Così immagino una delle mie tante denunce contro di lui. Mi isolerei ancora di più e terrei lo sguardo
basso perché nel giro di pochi minuti lo saprebbero tutti. E poi, tornato a casa la sera, mi guarderà
fisso negli occhi, con il suo sguardo gelido e sceglierà lui cosa fare di me. Io sono solo un oggetto
qualsiasi di cui può fare ciò che vuole e quando mi romperò, potrà buttarmi via. Tremo. La mia mano
si muove in maniera convulsa. Oh Signore, se tu mi prendessi con te ora, come sarebbe tutto più
semplice! Ti sarei grata. Lui non c’è. Nessuno lo incolperebbe. I medici accuserebbero il decesso
ad un malore improvviso, ma le pagine da scrivere sono ancora tante. La morte per me sarebbe una
spiaggia sicura su cui approdare. La mia consolazione. La liberazione. La fine di tutto.

-Ma non puoi ammazzarti da sola, stupida?

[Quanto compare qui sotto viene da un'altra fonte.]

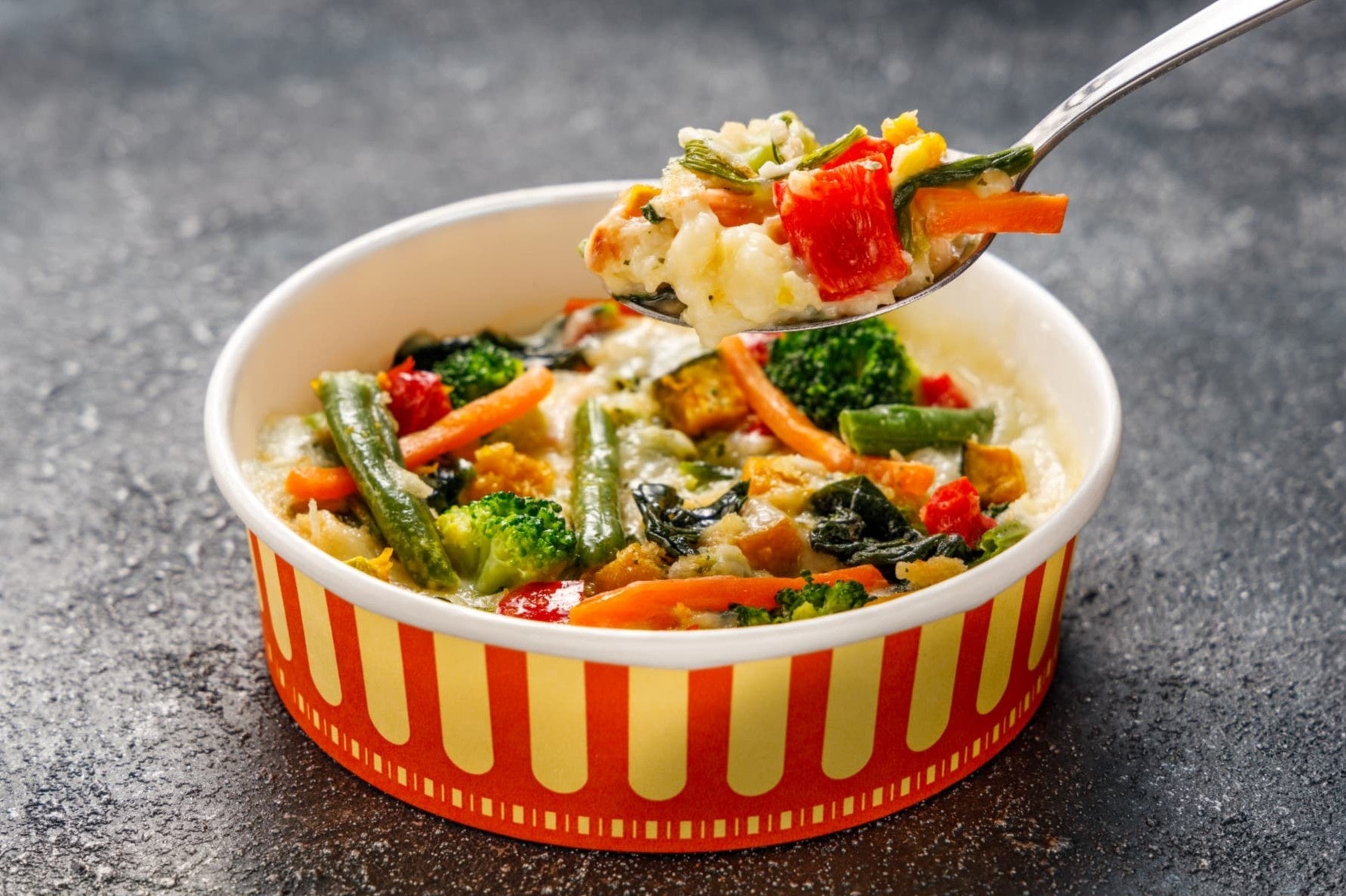 手作り感と具材感にこだわり、オリジナルのホワイトソースで野菜の甘みを引き立てたグラタンに仕上げました。忙しい日でも電子レンジで簡単調理でき、手軽に本格的なグラタンが楽しめます。

Aspetti che qualcuno lo faccia per te? Sciocca! Sai che non lo farà. Sei il suo giochino e funzioni
ancora, ti butterà solo quando sarai rotta, a pezzi, più di ora, quando non urlerai più perché ti sarai
abituata; finché la tua carne non sarà lacera resterai sua. Incatenata con catene invisibili che ti
stringono sempre di più e che ti legano a lui. Ti avvelenano. Ti soffocano. Ti feriscono. Ti fanno
precipitare in quel baratro senza fine nel quale puoi solo cadere senza toccare mai il fondo. Le pistole
sono qui in camera da letto, cariche. Devi solo premere il grilletto. Insomma. Dai. Un colpo alla testa
e finirà. Perché? Perché non ne hai il coraggio? Quelle catene stringono troppo forte e, alla fine di
ogni lotta mi lasciano sfinita sul pavimento. E’ arrivato. Non pensare più. Sai che non vuole che tu
pensi. Bloccati. Immobile. Chiudi gli occhi. Domattina sarà finita. Si è divertito e adesso dorme, ma
io…. Io mi chiedo come, come è possibile essere arrivati a questo, da quello che eravamo a quello
che siamo. E questa? Questa fede è il primo degli anelli di quelle catene. Non riesco a chiudere
occhio. Sarebbe bello andare un po’ sul balcone ad ascoltare il canto dei grilli.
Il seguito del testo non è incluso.